FDA Adverse Event Injury Summary report: N

IMPELLA

MDR report key: 24844202 · Received April 10, 2026

Report

Report Number
1220648-2026-06600
Event Type
Injury
Date Received
April 10, 2026
Date of Event
April 4, 2026
Manufacturer
ABIOMED, INC. - 1220648
Product Code
OZD
UDI-DI
00813502012279
PMA / PMN Number
P140003
Adverse Event
Yes
Product Problem
Yes
Report Source
Manufacturer report
Reporter Location
US
Reporter Occupation
OTHER HEALTH CARE PROFESSIONAL
Health Professional
Yes

Narratives

Additional Manufacturer Narrative · 0

THIS REPORT IS BEING SUBMITTED PURSUANT TO THE PROVISIONS OF 21 CFR, PART 803. THIS REPORT MAY BE BASED ON INFORMATION WHICH HAS NOT BEEN INVESTIGATED OR VERIFIED PRIOR TO THE REQUIRED REPORTING DATE. THIS REPORT DOES NOT REFLECT A CONCLUSION BY ABIOMED INC, OR ITS EMPLOYEES THAT THE REPORT CONSTITUTES AN ADMISSION THAT THE PRODUCT, ABIOMED INC, OR ITS EMPLOYEES CAUSED OR CONTRIBUTED TO THE POTENTIAL EVENT DESCRIBED IN THIS REPORT. IF INFORMATION IS OBTAINED THAT WAS NOT AVAILABLE FOR THE INITIAL REPORT, A FOLLOW-UP REPORT WILL BE FILED AS APPROPRIATE.

Additional Manufacturer Narrative · 0

CORRECTED INFORMATION WAS PROVIDED IN D3 (MANUFACTURER FAX), D10 (CONCOMITANT PRODUCT), E1 (INITIAL REPORTER STATE, ZIP CODE EXTENSION). UPON REVIEW, IT WAS IDENTIFIED THAT IT WAS INADVERTENTLY OMITTED FROM THE INITIAL REPORT. CORRECTED INFORMATION WAS PROVIDED IN D4 (SERIAL, PRIMARY UDI NUMBER).
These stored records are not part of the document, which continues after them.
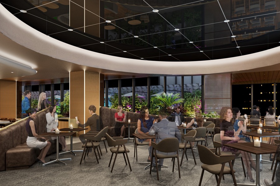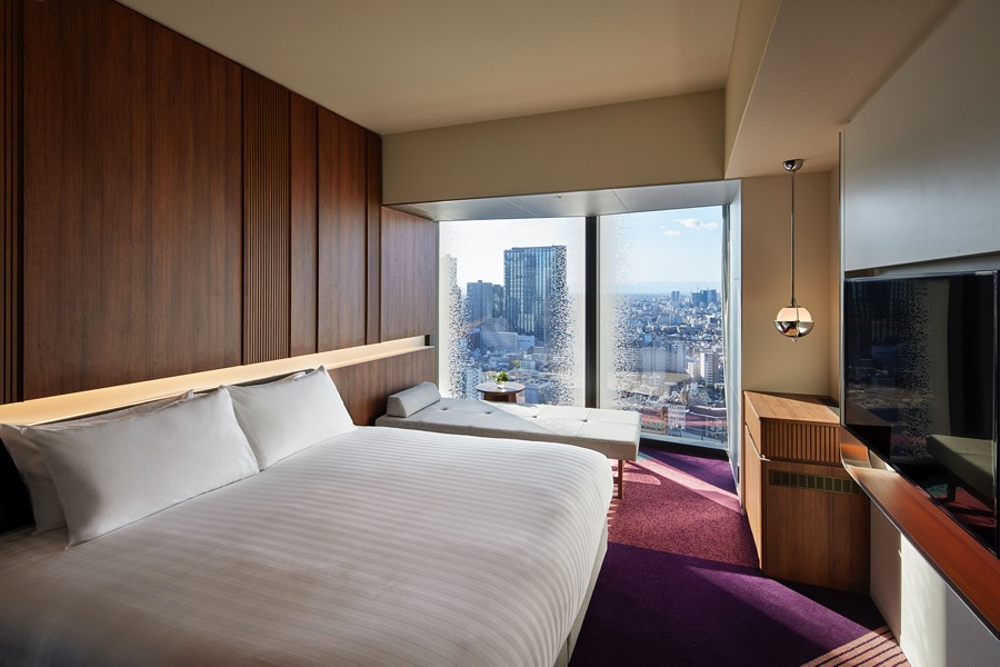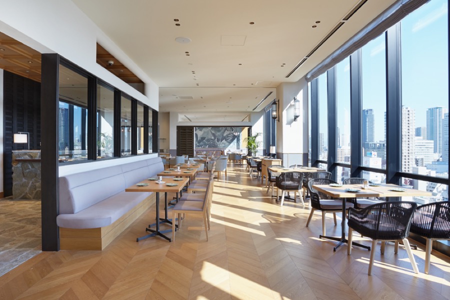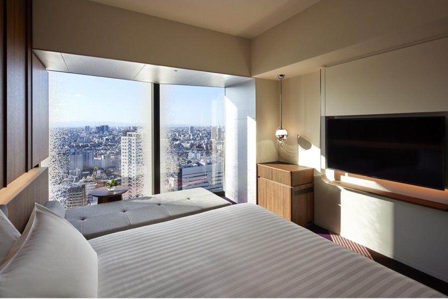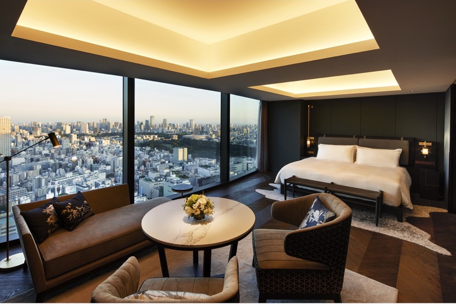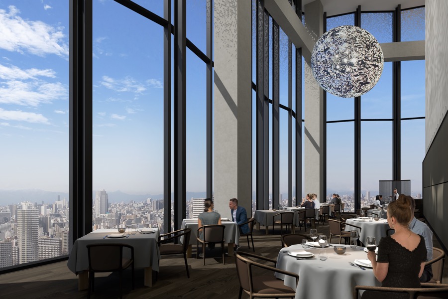 39~44Fには日本文化を感じられるアイテムが織り交ぜられた7mのワイドビューの窓を持つ客室を、45~47Fには3層吹き抜けの圧倒的な眺望のレストラン、スパ、ペントハウスをご用意し、お客さまを天空のプライベートヴィラへと誘います。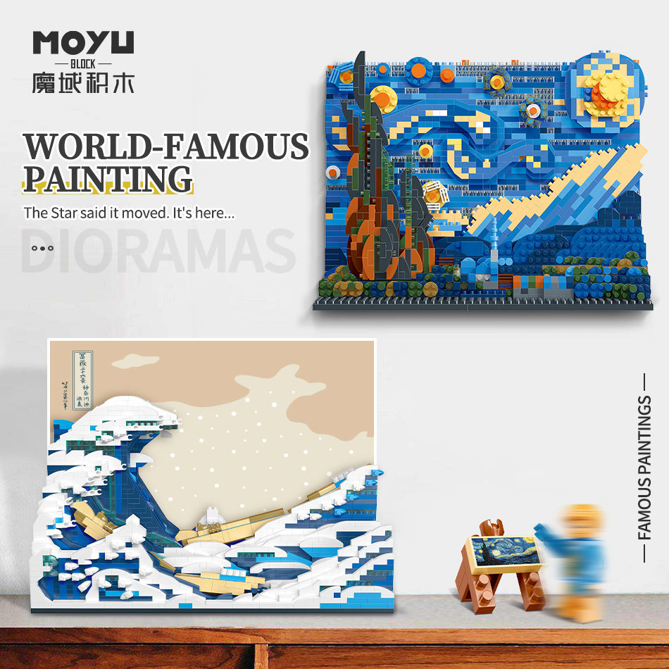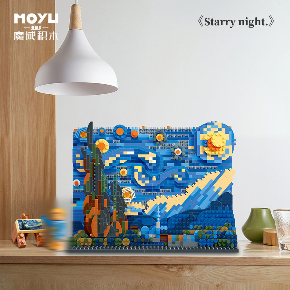 MOYU MOC Art Painting Vincent Van Gogh the Starry Night Model Micro Building Blocks DIY Toys for the Kids Creative Gift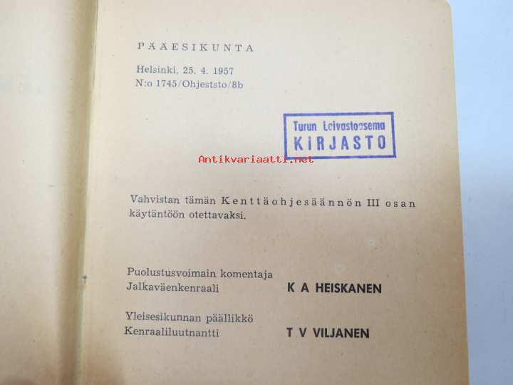 Kenttäohjesääntö (KO III) 1957 -finnish army field manual
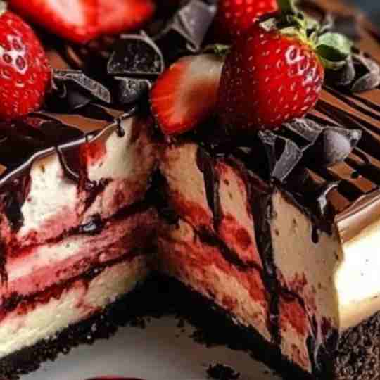 This layered strawberry chocolate cheesecake is perfect for special occasions or as a show-stopping dessert for any gathering!

UPON REVIEW, THE SECTION D PRIMARY UDI NUMBER HAVE NOW BEEN UPDATED. CORRECTED INFORMATION WAS PROVIDED IN E3 (INITIAL REPORTER OCCUPATION). UPON REVIEW, IT WAS IDENTIFIED THAT IT WAS INADVERTENTLY SUBMITTED IN ERROR IN THE INITIAL REPORT. ADDITIONAL INFORMATION HAS BEEN PROVIDED IN D9, H3, H6, AND H11. H6: UPDATED CODES BASED ON THE RESULTS OF THE INVESTIGATION. H11: UPDATED BASED ON THE RESULTS OF THE INVESTIGATION. THE CAUSE OF THE HEMOLYSIS ISSUE WAS MOST LIKELY RELATED TO UNINTENDED USE, SINCE IT WAS FOUND DEEP DURING THE TIME OF HEMOLYSIS. THE CAUSE OF THE POSITIONING ISSUE WAS NOT DETERMINED WITHOUT SUFFICIENT CLINICAL DETAILS.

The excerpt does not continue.